L’innovation technologique s’accélère et entraîne des changements profonds de notre société. Le numérique a pénétré l’ensemble de nos activités. De fait, la production de données s’accroît. Qu’est-ce qu’une donnée ? C’est une information numérique, personnelle et anonyme, générée par un individu puis stockée sur un réseau. Plus ou moins consciemment, nous sommes tous producteurs de données. Les téléphones, les transports en commun, les sites internet que nous consultons, partout où se trouvent des capteurs, cette matière première est produite et collectée. Les sphères publiques et politiques, conscientes de la valeur et des enjeux de ces données se questionnent, pouvons-nous leur trouver un intérêt territorial ? Malheureusement l’exploitation des données est opaque, puisqu’à ce jour, ni l’État, ni les acteurs privés ou publics n’ont été capables de déterminer son modèle économique. Nous sommes à un instant déterminant, celui où tout est encore possible. Nicolas Douay, professeur en urbanisme et aménagement à l’Institut d’urbanisme et de géographie alpine (IUGA), propose dans son ouvrage L’urbanisme à l’heure du numérique deux scénarios, que nous avons sélectionnés pour illustrer nos réflexions.
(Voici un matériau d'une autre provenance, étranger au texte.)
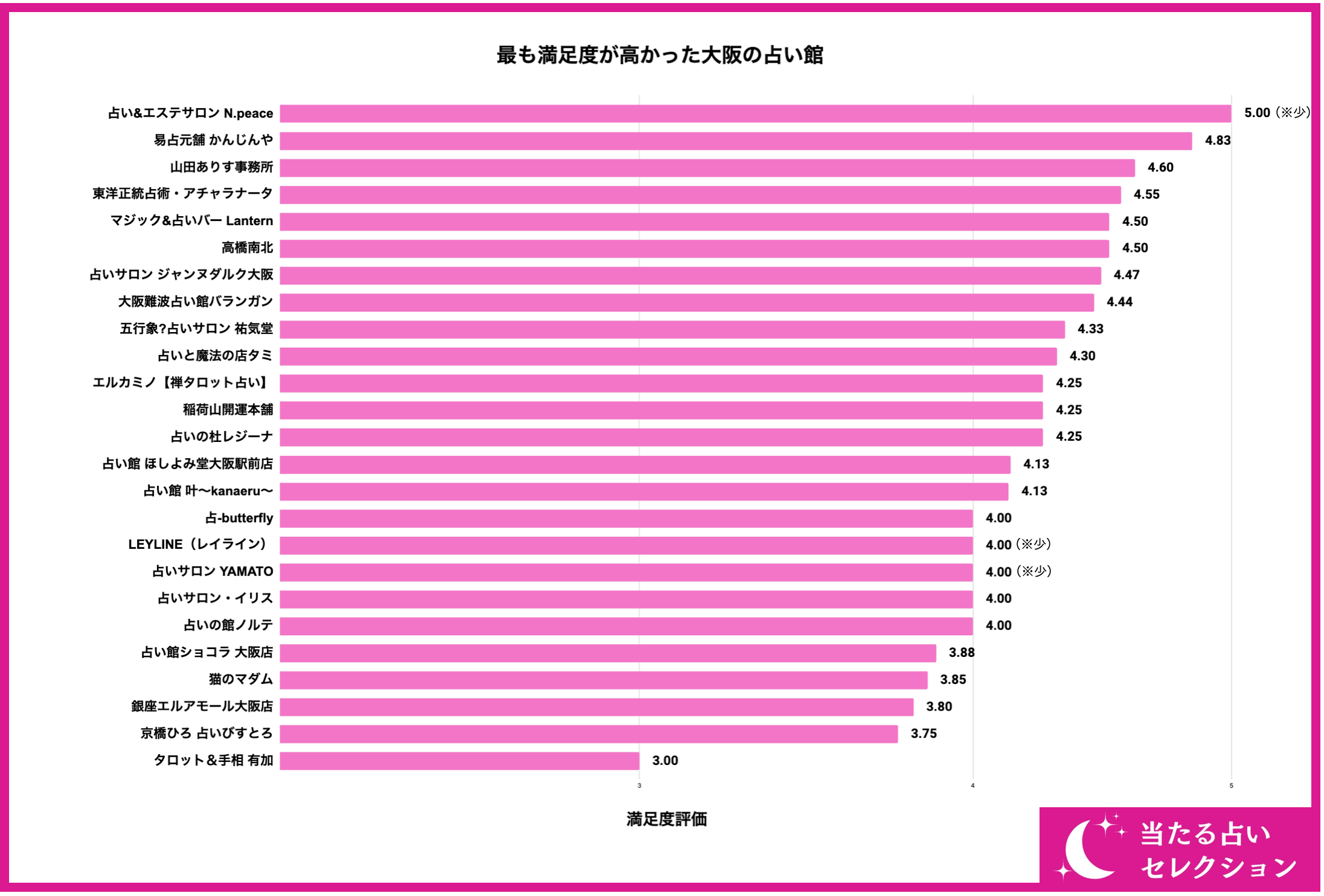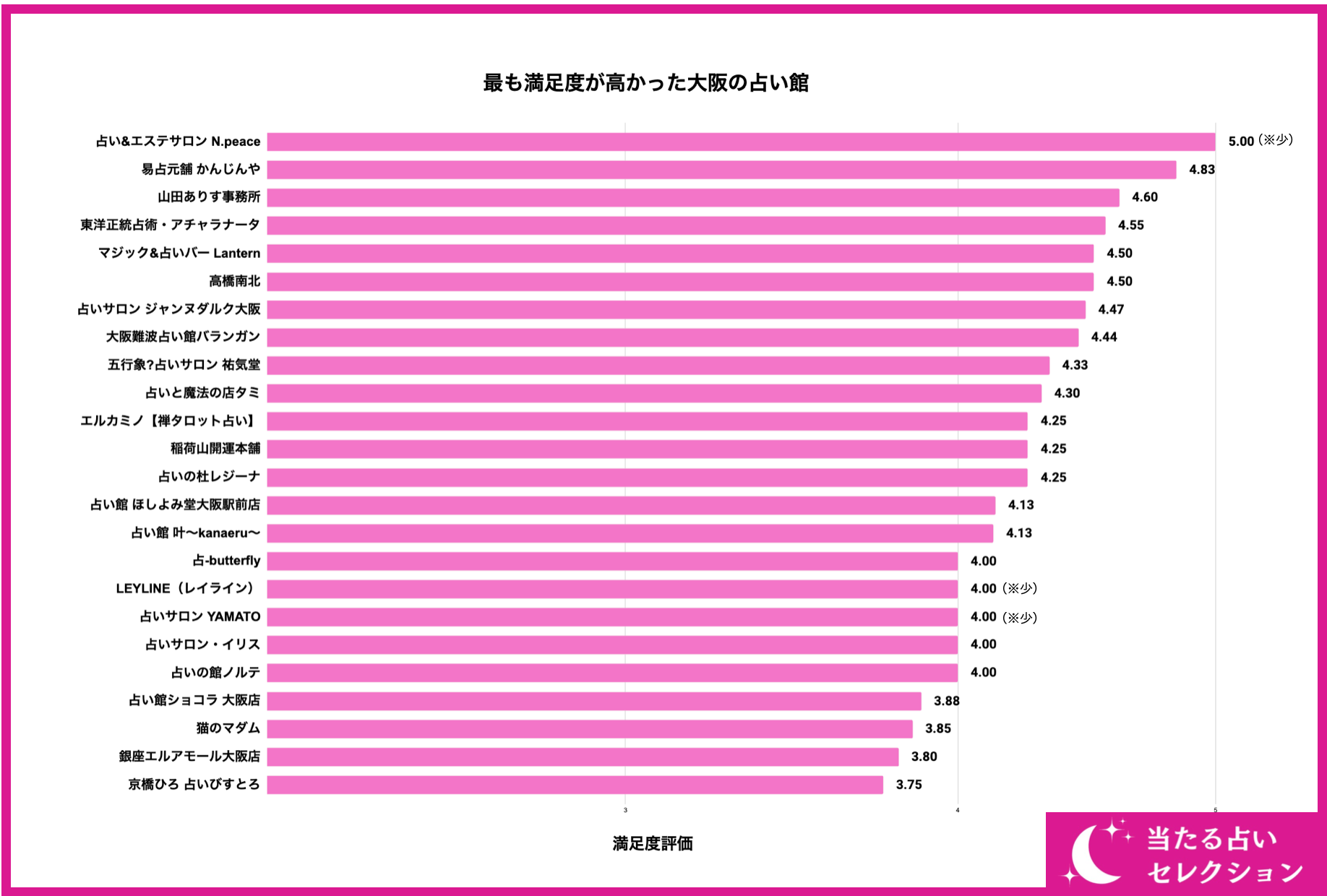 続いて、大阪の占い店舗の中で最も満足度評価が高かったのはどの占い店舗でしょうか?結論から言うと、画像の通り「占い&エステサロン N.peace」が満足度評価「5.00/5.00」で最も評価が高いことが分かりました。さらに全体的に低評価も少なく、多くの人が大阪の占い店舗に満足していることが分かりました。

Une projection optimiste, hors impact environnemental
Dans le premier scénario, l’approche cyber-optimiste, on imagine une société plus ouverte ; au service d’une démocratie directe où les citoyens pourraient participer plus librement grâce à l’émergence d’Internet. Des initiatives en ce sens existent déjà, comme en témoigne Davy Coateval, Directeur des projets innovants chez Orange au sein de la délégation régionale Alpes : « Aujourd’hui la vie administrative est digitale, ce qui exclut une partie de la population. Avec ses maisons digitales, Orange a formé des millions de femmes à l’utilisation du numérique. » Internet permet de généraliser l’accès à l’information même pour les populations les plus marginalisées. En effet, le numérique peut être un levier de développement. D’après la Banque Mondiale, augmenter le débit Internet de 10 % en Afrique permettrait par exemple de générer 1 % de PIB supplémentaire. Bien sûr, ces estimations sont subjectives dans la mesure où le PIB ne prend pas en compte le coût environnemental. La pollution numérique produite par les data centers ou l’extraction de terres rares sont en effet des préoccupations majeures pour les prochaines décennies.
Un scénario dystopique…
À l’inverse, dans le second scénario, l’approche cyber-pessimiste, Internet est une technique au service d’une nouvelle élite qui répond aux intérêts de grands groupes privés et organise une surveillance généralisée des comportements. Les GAFAM, géants d’Internet, ont la mainmise sur nos données. De ce point de vue, les hackers, le tracking* publicitaire ou encore le darknet* menacent l’intérêt général. Les élections municipales de 2020 seront-elles la cible des fake-news* ? Notre système démocratique pourrait être mis en péril par ces intrusions numériques malveillantes.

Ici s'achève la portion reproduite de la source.